> _WHAT IS EXPECTED_: What is needed is an exact repetition of the lines below, from the first one through the one holding "Windsor® Scotchgard™ was", with no pictures and nothing else.

> _DATA BLOCK_:
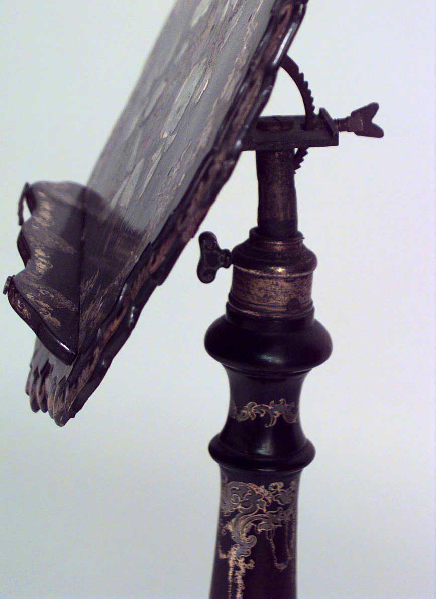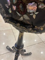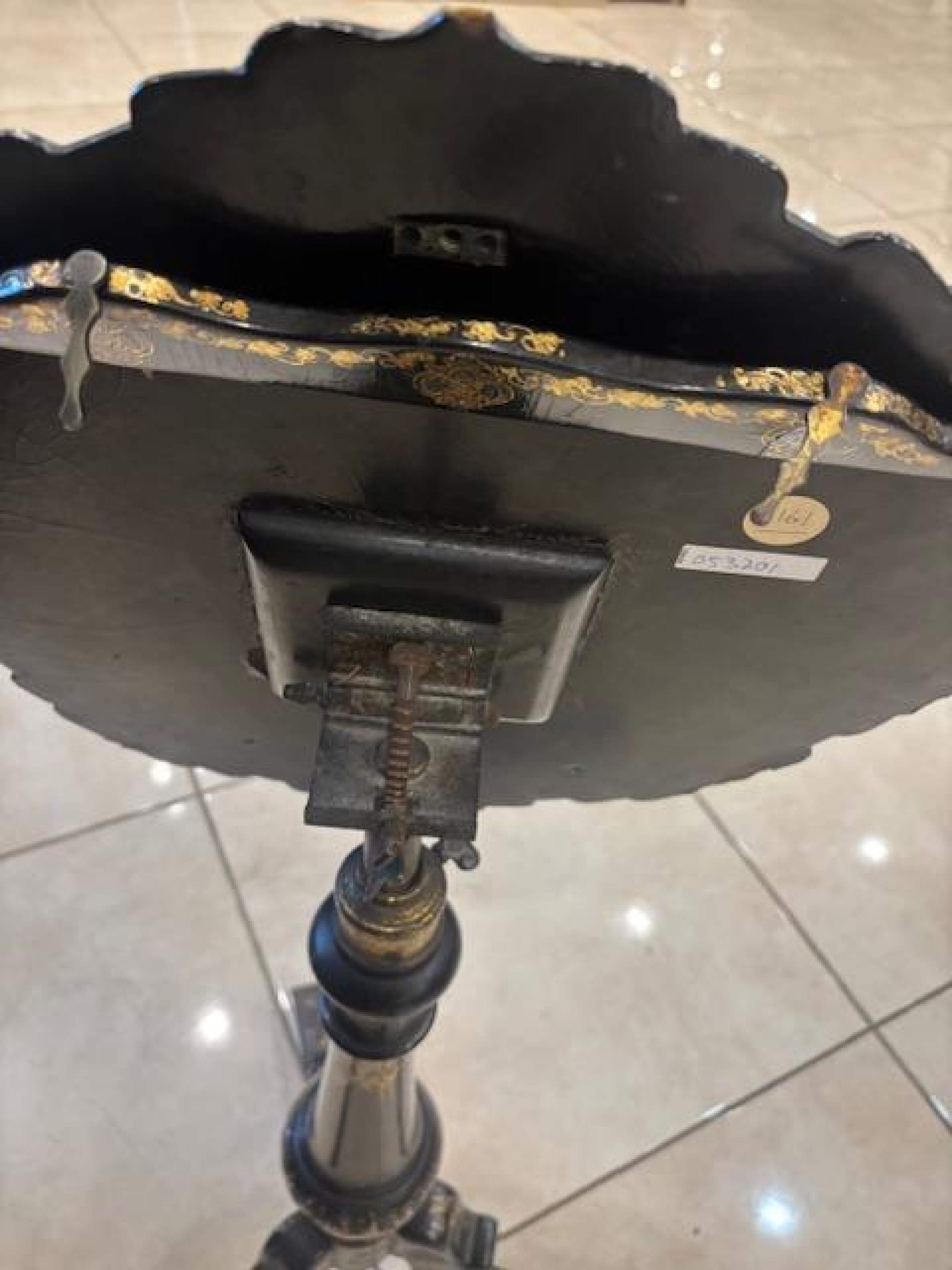 English Victorian Papier-maché pearl-inlaid black-lacquered round adjustable music-stand/tilt-top end table
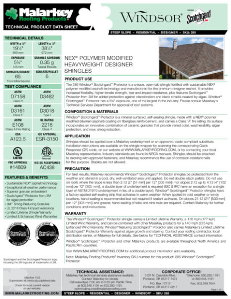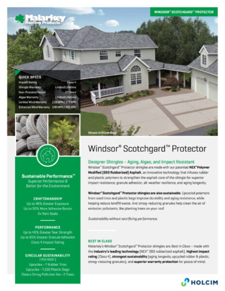 Windsor® Scotchgard™ was the industry’s first designer shingle to be constructed of polymer modified asphalt, opening the benefits of this superior shingle-making technology to the highest shingle category.
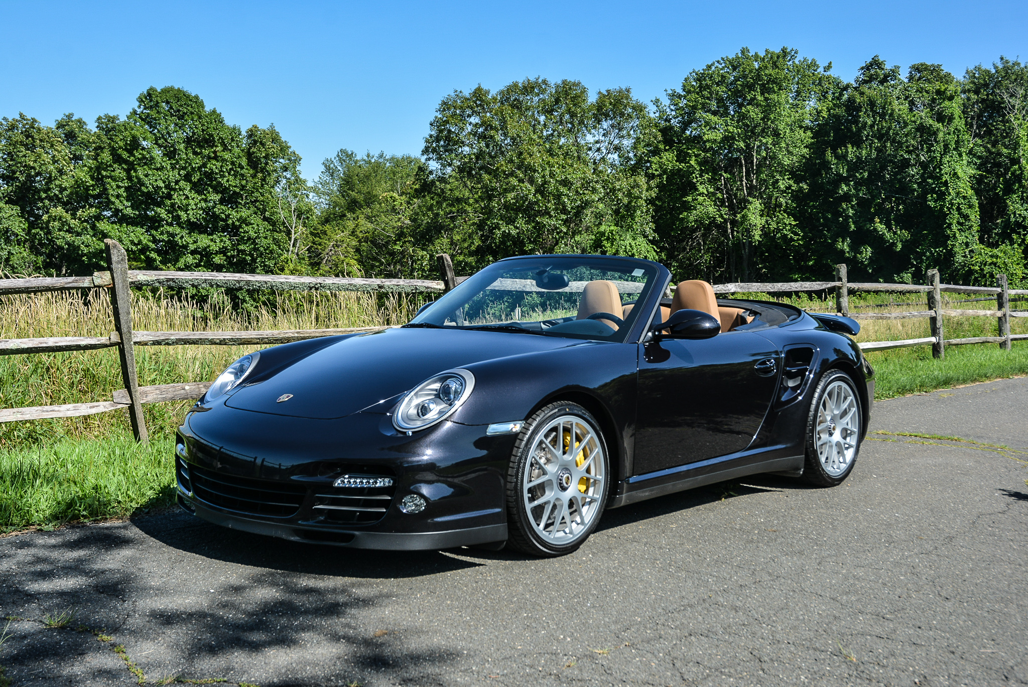 Center-lock 19″ RS Spyder wheels wear Bridgestone Potenza RE050 tires measuring 235/35 up front and 305/30 out back. Ceramic Composite Brakes (PCCB) were standard on the Turbo S and feature yellow-finished calipers.
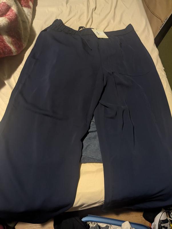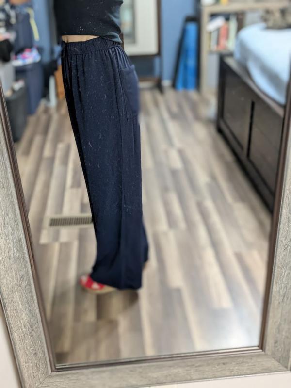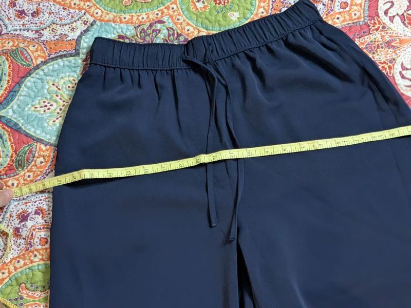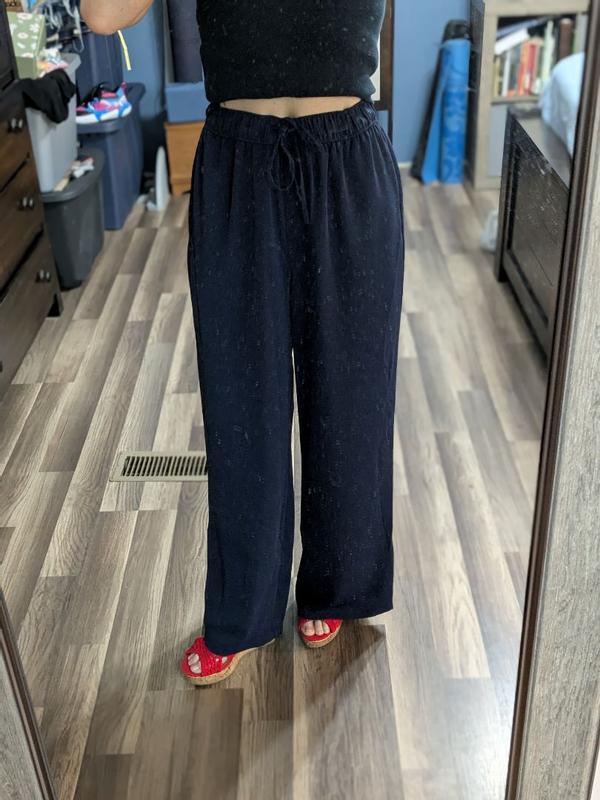 I was really disappointed with these pants especially ordering a small petite. I didn’t know it was an elastic drawstring but even the size and length are too big for me. I’m 5’4” and normally wear a size 0 or 2 so I thought this would fit fine. I also noticed a weird stain or mark on the front. It has stitching like it has a zipper in the front but it doesn’t. Some good things I’ll say - lightweight and not see thru and it has real pockets. Just wish it fit me better and didn’t have the mark in the front.

> _TASK RESULT_:
 English Victorian Papier-maché pearl-inlaid black-lacquered round adjustable music-stand/tilt-top end table
 Windsor® Scotchgard™ was the industry’s first designer shingle to be constructed of polymer modified asphalt, opening the benefits of this superior shingle-making technology to the highest shingle category.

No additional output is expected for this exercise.